> [Work instructions]
Your answer must be an exact transcription of the data, with every picture omitted.

> [Given information]
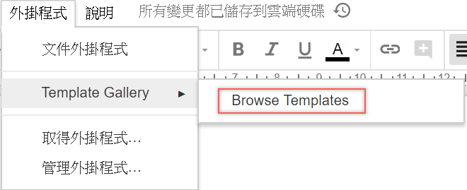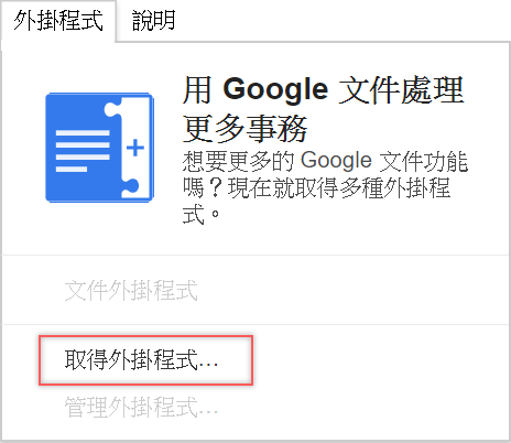 開啟一份 Google 文件,點開上方的外掛程式 → 取得外掛程式。
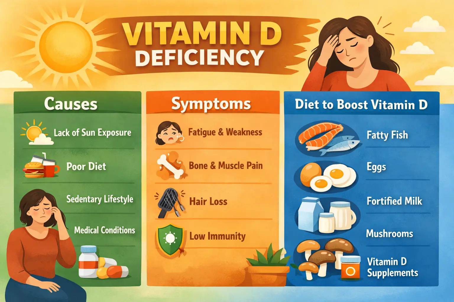 Vitamin D Deficiency: Symptoms, Caused and Diet
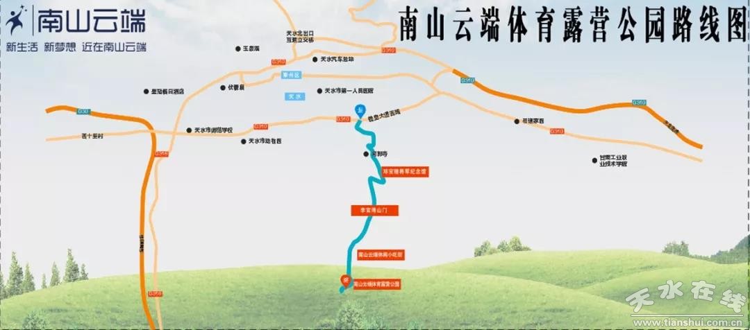 南山云端體育露營公園位于甘肅省天水市南郭寺上行5公里占地面積約450畝。露營公園是南山云端田園綜合體中重要項目之一,建設(shè)項目主要有房車營地、帳篷露營、親子樂園、水上樂園、孔雀花海、拓展訓(xùn)練、餐飲美食、特色小吃、草坪宴會、花;槎Y、越野賽車、真人CS、定點熱氣球、滑翔傘、滑雪場、戲雪場、滑草場、騎馬、射箭等項目。我公司將致力打造集休閑度假、觀光旅游、研學(xué)教育、體育賽事、文化活動于一體的綜合生態(tài)露營公園。

> [Completed exercise]
 開啟一份 Google 文件,點開上方的外掛程式 → 取得外掛程式。
 Vitamin D Deficiency: Symptoms, Caused and Diet
 南山云端體育露營公園位于甘肅省天水市南郭寺上行5公里占地面積約450畝。露營公園是南山云端田園綜合體中重要項目之一,建設(shè)項目主要有房車營地、帳篷露營、親子樂園、水上樂園、孔雀花海、拓展訓(xùn)練、餐飲美食、特色小吃、草坪宴會、花;槎Y、越野賽車、真人CS、定點熱氣球、滑翔傘、滑雪場、戲雪場、滑草場、騎馬、射箭等項目。我公司將致力打造集休閑度假、觀光旅游、研學(xué)教育、體育賽事、文化活動于一體的綜合生態(tài)露營公園。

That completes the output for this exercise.